Abisko CPU architecture.

Understanding of the underlying architecture in Abisko is essential in obtaining optimal performance for all but trivial use cases.

Abisko is comprised of 318 compute nodes, each with 4 sockets of AMD Opteron 6238 (also known as Interlagos, Bulldozer core). They are clocked at 2.6GHz nominally, with overclock/TurboMode of up to 3.2GHz depending on how many cores are idle.

The 308 thin nodes have 128GB of DDR3-1600 RAM, the remaining 10 fat nodes have 512GB of DDR3-1066 RAM.

The Abisko compute nodes are to be considered complex Non-Uniform Memory Access (NUMA) machines, where the layout of memory in relation to the computing cores used can make a huge difference in real-life performance. Even though they physically have 4 CPU sockets with 12 cores each, they are in fact architecturally 8 NUMA Nodes with 6 cores each.
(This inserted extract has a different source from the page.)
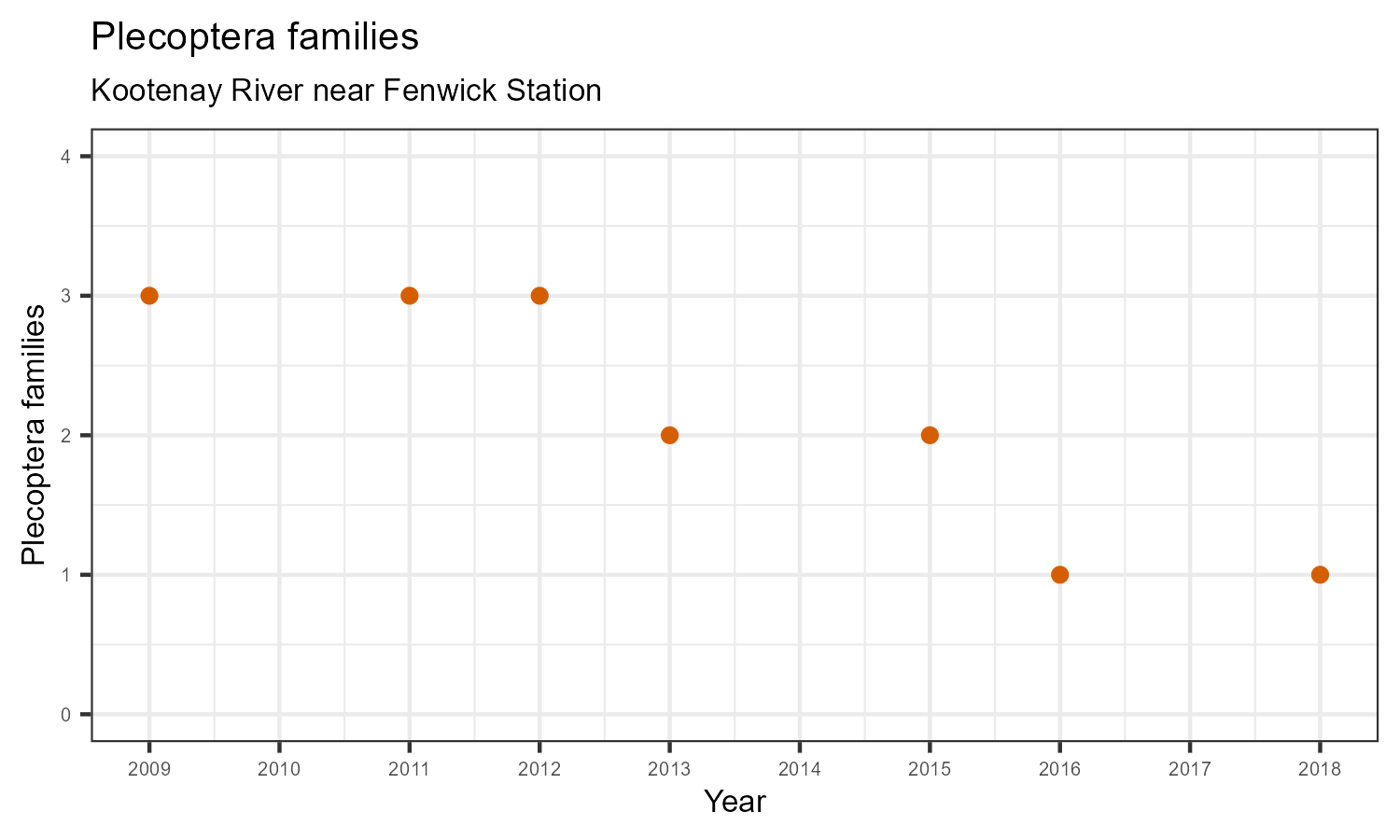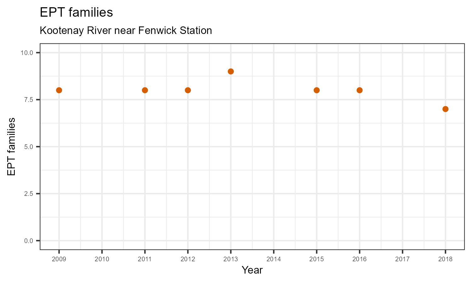 EPT family richness is measured by counting how many taxonomic families belong to one of the pollution sensitive EPT orders: Ephemeroptera (mayflies), Plecoptera (stoneflies), or Trichoptera (caddisflies). EPT family richness may decrease in response to habitat disturbances like poor water quality.

One confusing aspect to note is that one such NUMANode is simply called a node in AMD documentation, naturally this can be confused with a compute node (which we also tend to call just a node at times).

Resources within a NUMANode are tightly coupled with a high speed crossbar switch which means that access to resources within a NUMANode are fast. The figure below details a NUMANode in a thin compute node.

Abisko CPU layout

Within a NUMANode each Compute Unit consists of two cores that shares L2 cache and FPU. The L3 cache is shared between all Compute Units in the NUMANode.

These NUMANodes are connected to each other with HyperTransport 3.0 links. The bandwidth is limited to 12GB/s between the two NUMANodes in a socket and 6GB/s to other NUMANodes as shown in the following figure taken from the AMD documentation:

AMD G34r1 4P topology

To optimize the performance of a compute job one has to take care to ensure that the memory used by a compute core is placed as optimal as possible in this rather complex memory hierarchy. The obvious recommendation is to use resources within a NUMANode if at all possible, as this will yield the optimum performance. Accessing resources within the same socket is also pretty efficient and only one full-width HyperTransport hop away. Moving beyond the socket you need to be aware of the limitations imposed by the half-width HyperTransport links and the link topology.

It is thus best to view an Abisko compute node as multiple 6-core islands with a really fast interconnect for communicating with the other 6-core islands within the same compute node.

References

http://support.amd.com/us/Processor_TechDocs/42301_15h_Mod_00h-0Fh_BKDG.pdf
http://www.siliconmechanics.com/files/BulldozerInterlagosInfo.pdf
http://www.olcf.ornl.gov/wp-content/uploads/2012/01/TitanWorkshop2012_Da...